A variety of mechanisms could be made available for providing incremental allowances to the reserve. For example, specific criteria could be established up front to grant the Governor discretion (allowed under AB 32) to relax compliance obligations. Or provision could be made to replenish the reserve with allowances from other cap-and-trade systems or from the post-2020 AB 32 system. Another possibility (recommended by Dallas Burtraw of Resources for the Future) would be overlapping compliance periods, which in effect provide for limiting borrowing, as well as banking, thereby providing an additional cushion on price changes.

Of course, the most effective device would be a simple safety valve (or price collar), whereby the government would offer to sell an unlimited number of allowances at a given price, thereby capping allowance prices and abatement costs. However, my understanding is that the authorities at the California Air Resources Board (ARB) believe that this would not be allowed under AB 32, since a safety valve could result in the statute’s specific emissions targets not being met.

Issue 2: Offsets

Offsets (emission reduction credits) from outside the AB 32 cap-and-trade system made available to entities with AB 32 compliance responsibilities can effectively limit allowance prices (and abatement costs). What are needed now are administrative procedures that are efficient (low transaction costs) and ensure the environmental integrity of offsets. This is fundamentally a question of balance. Too much attention to efficient procedures of providing a large number of offsets risks flooding the market with meaningless offsets that lack additionality. And a singular focus on environmental integrity will result in virtually no offsets being made available.

Up until now, relatively few offsets have been certified under existing ARB procedures. It would be helpful to identify an appropriate potential supply of offset types. Currently eligible offset types appear to be insufficient to take advantage of full offset flexibility. It’s also important to establish appropriate liability rules for offset integrity. A “seller-liability-first/buyer-liability-second” approach may offer efficiencies over the current buyer-liability approach.
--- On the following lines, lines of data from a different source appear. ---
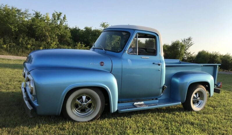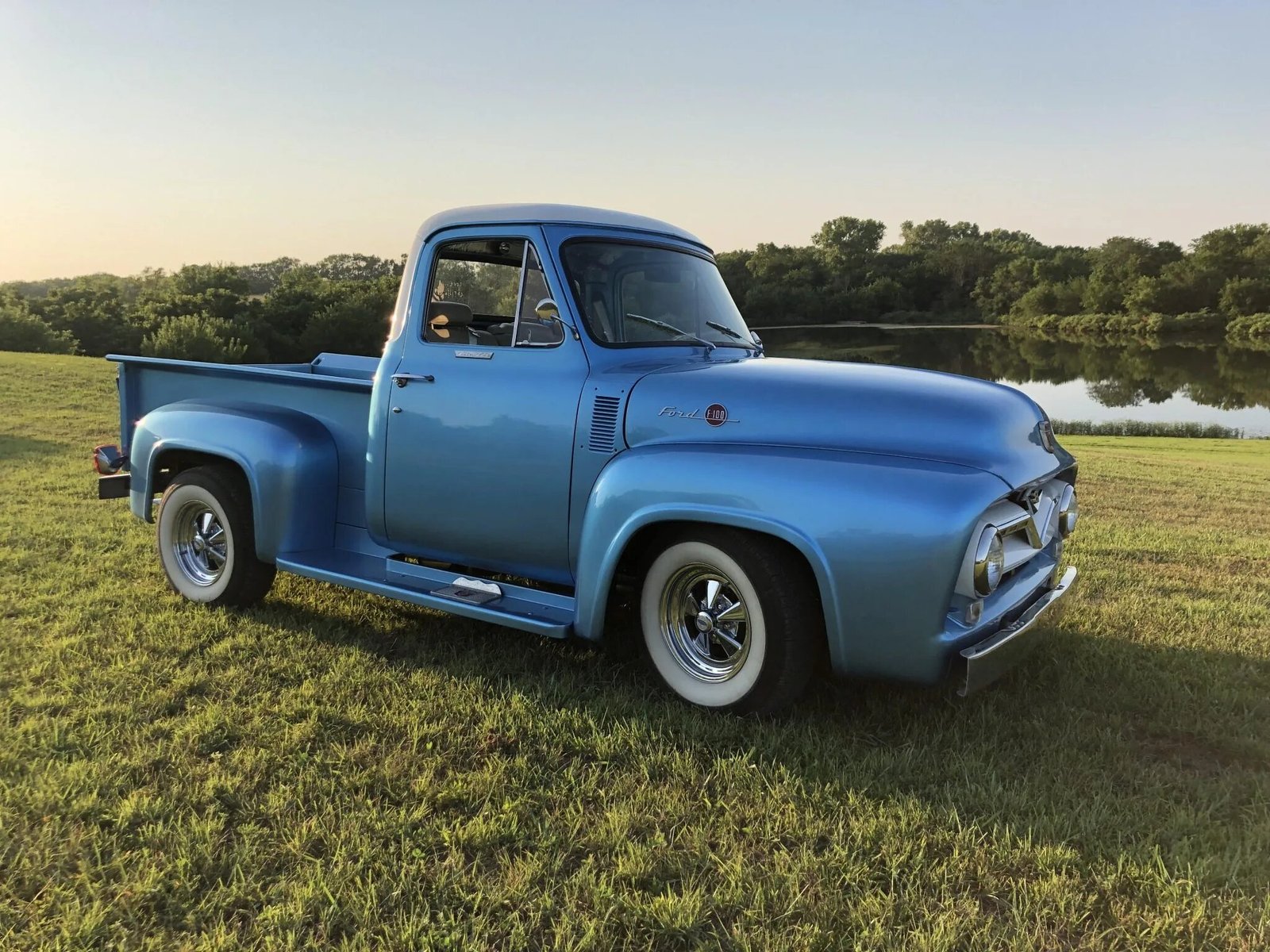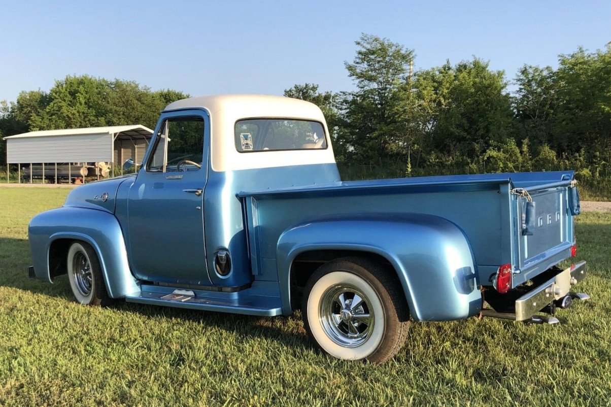 The cabin houses a bench seat sourced from a later-model vehicle upholstered in beige leather, while blue carpets are covered by Ford-branded rubber mats.
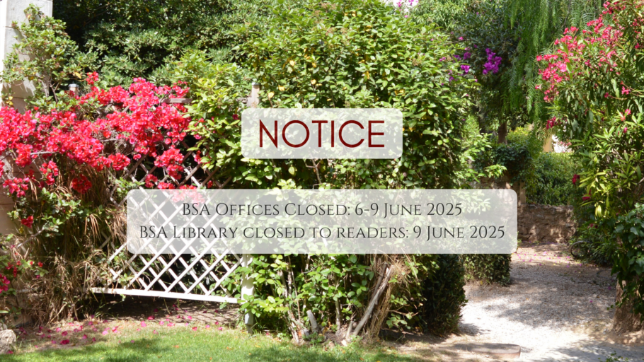 Members & Readers: please note that due to the National Holiday, the BSA Library will be closed to Readers on the 27-28 October 2025 inclusive. The BSA Offices will also […]
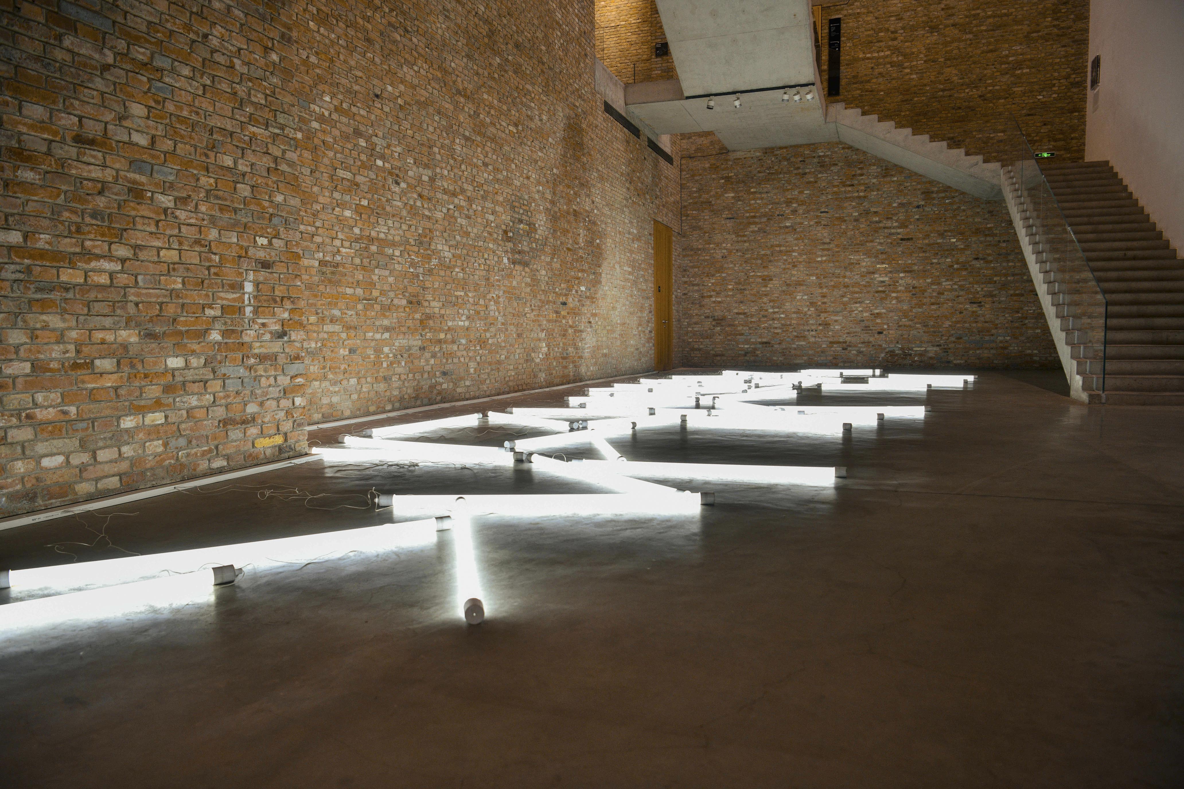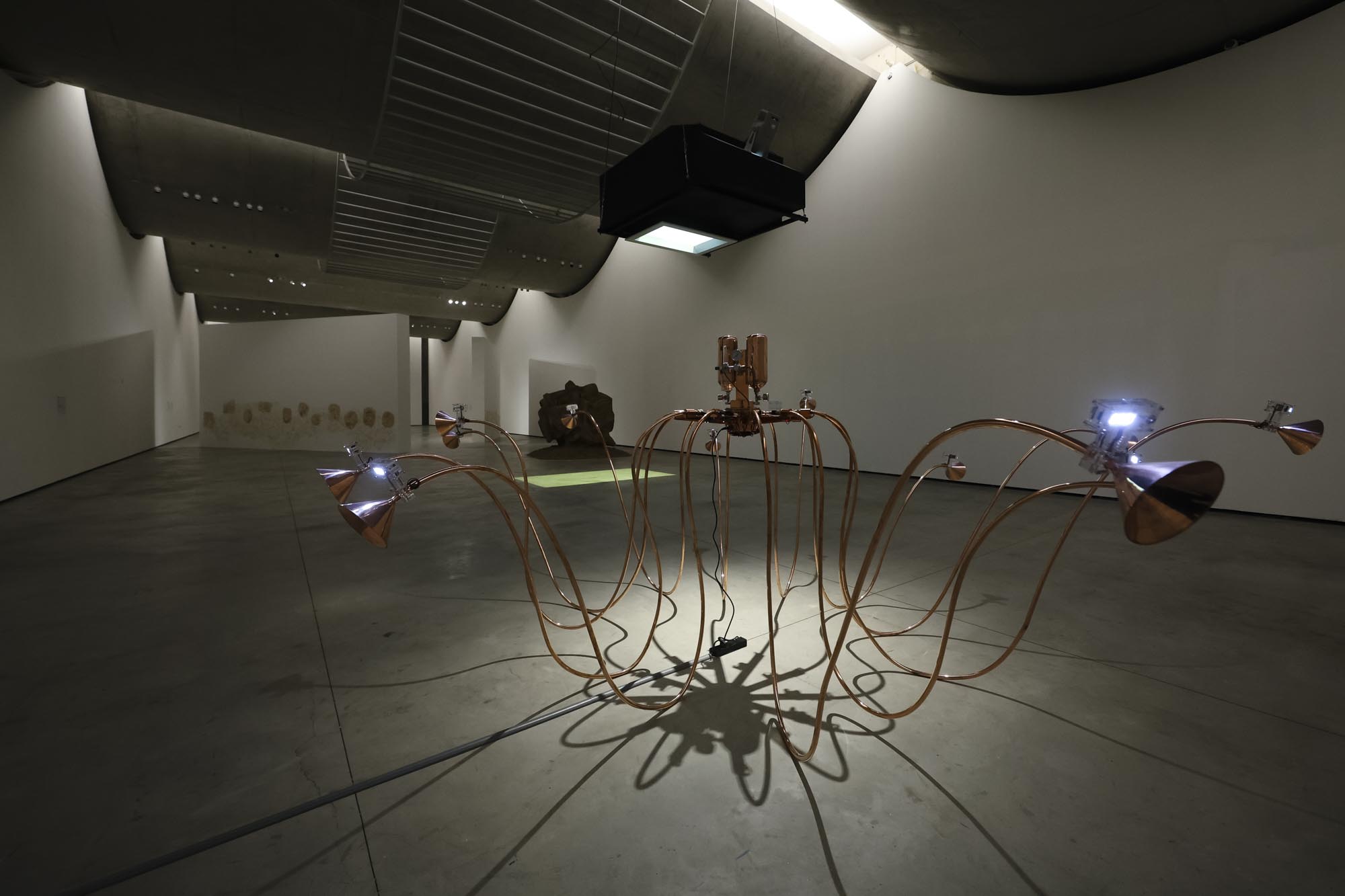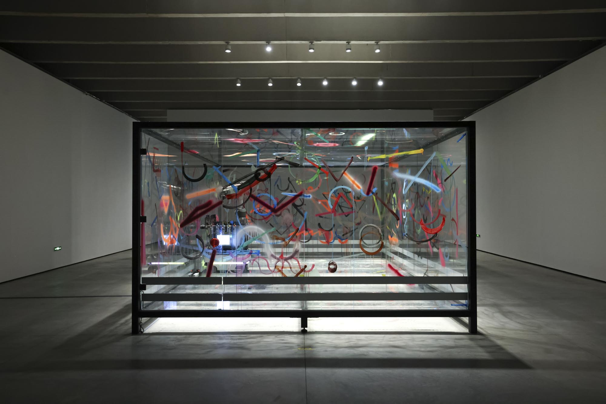 如果说自2012年持续至今的《王郁洋#》系列标志着从拟人化物体向另一层阶智能的转向,那么在798CUBE门前矗立的《共生》(2013–24)则以纪念碑式的庄严提出另一种和解:人类的幻想与机器的偶发相互纠缠,正是“ChatGPT时代”来临之际的先见之思。旁边,一只直径一米的金属球体经由人眼运动训练的人工智能操控,在前庭滚动并《凝视》(2022-)着来访者——一种诡谲的提醒:自主性本是双向的通道,惰性的事物也可能潜藏着生命的气息。进入展厅,摇曳的光管聚合成群落,上演一场非随机、也非拟人的机械舞蹈,却充盈着谨慎与欲望的节奏。生命变得人为,而人工亦化作生命。

Issue 3: Allowance Holding Limits

Limits on purchases and holdings of allowances, intended to discourage market manipulation, could put in place a “cure” that is significantly more harmful than the “illness” it’s intended to address. Rules for allowance holding and transacting are needed that carefully balance multiple considerations: potential market manipulation; maintenance of adequate market liquidity; cost-effective program compliance (for example, to avoid constraining allowance banking); and effective risk management.

To that end, potential improvements would include establishing greater flexibility for legitimate banking, hedging, and risk-management purposes. Also helpful would be tailoring holding limits to recognize market-participant differences, taking account of the size of a firm’s compliance obligations and the purpose of its holdings. Finally, more frequent auctions would be helpful, including near the end of compliance periods, when market manipulation is most likely.

The Path Ahead

The California Air Resources Board has done a remarkable job in its initial design of the rules for its path-breaking GHG cap-and-trade system. That’s not to say that it is perfect, or that it could be perfect. There will inevitably be unanticipated challenges that will arise, whether from complying firms, from the broader economy, from litigation, or from other legislation. The goal at this stage should be to design a system that is reasonably robust to such unanticipated shocks.